The current generation of AI is a long way from the intelligent machines of 
science fiction. Prediction does not get us HAL from 2001: A Space Odyssey, 
Skynet from The Terminator, or C3PO from Star Wars. If modern AI is just 
prediction, then why is there so much fuss? The reason is because prediction is 
such a foundational input. You might not realize it, but predictions are 
everywhere. Our businesses and our personal lives are riddled with predictions. 
Often our predictions are hidden as inputs into decision making. Better 
prediction means better information, which means better decision making. 

Prediction is “intelligence” in the espionage sense of “obtaining of useful 
information.” 10 Machine prediction is artificially generated useful information. 
Intelligence matters. Better predictions lead to better outcomes, as we illustrated 
with the fraud-detection example. As the cost of prediction continues to fall, we 
are discovering its usefulness for a remarkably broad range of additional 
activities and, in the process, enabling all sorts of things, like machine language 
translation, that were previously unimaginable. 


KEY POINTS 


• Prediction is the process of filling in missing information. Prediction takes 










information you have, often called “data,” and uses it to generate 
information you don’t have. In addition to generating information about the 
future, prediction can generate information about the present and the past. 
This happens when prediction classifies credit card transactions as 
fraudulent, a tumor in an image as malignant, or whether a person holding 
an iPhone is the owner. 

The impact of small improvements in prediction accuracy can be deceptive. 
For example, an improvement from 85 percent to 90 percent accuracy 
seems more than twice as large as from 98 percent to 99.9 percent (an 
increase of 5 percentage points compared to 2).
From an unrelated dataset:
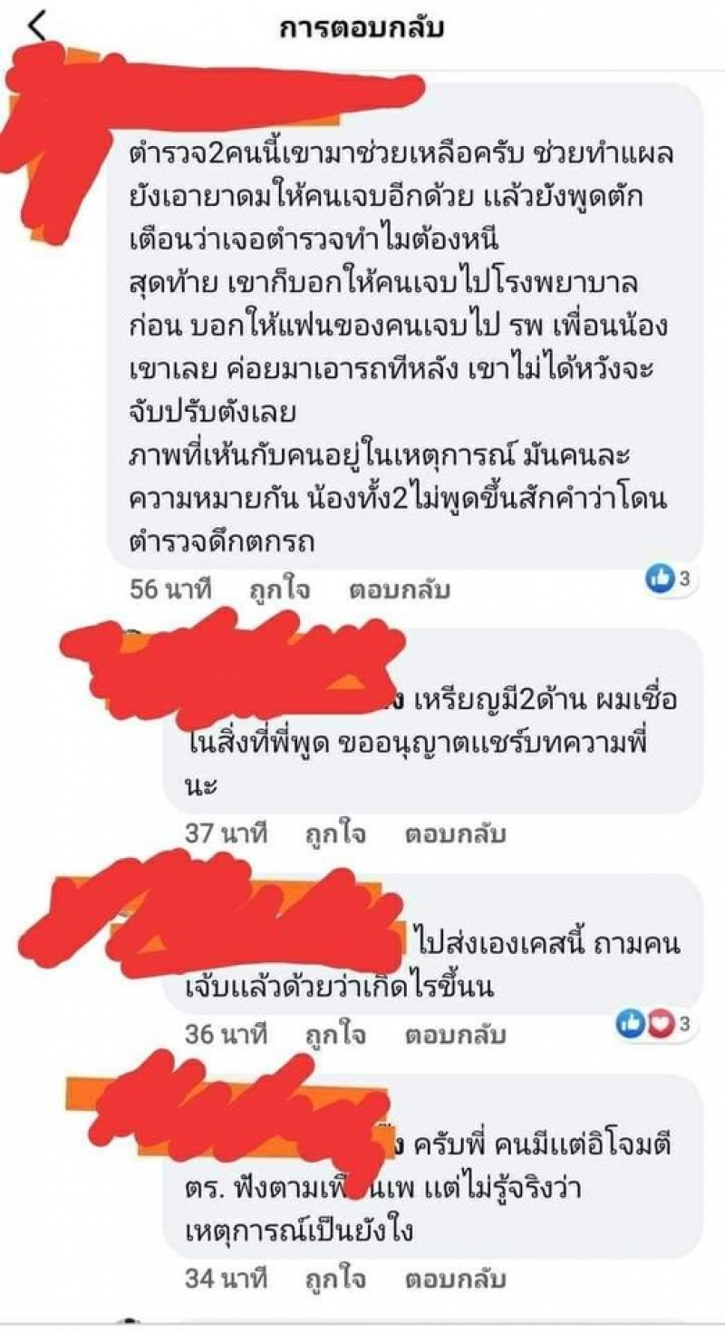 บ้างก็บอกว่าสิ่งที่โพสต์นั้นไม่เป็นความจริง ตำรวจเข้าไปช่วยต่างหาก อีกฟากก็ด่าตำรวจซะเละเทะไม่มีชิ้นดีเลย

However, the former 
improvement means that mistakes fall by one-third, whereas the latter 
means mistakes fall by a factor of twenty. In some settings, mistakes falling 
by a factor of twenty is transformational. 

The seemingly mundane process of filling in missing information can make 
prediction machines seem magical. This has already happened as machines 
see (object recognition), navigate (driverless cars), and translate.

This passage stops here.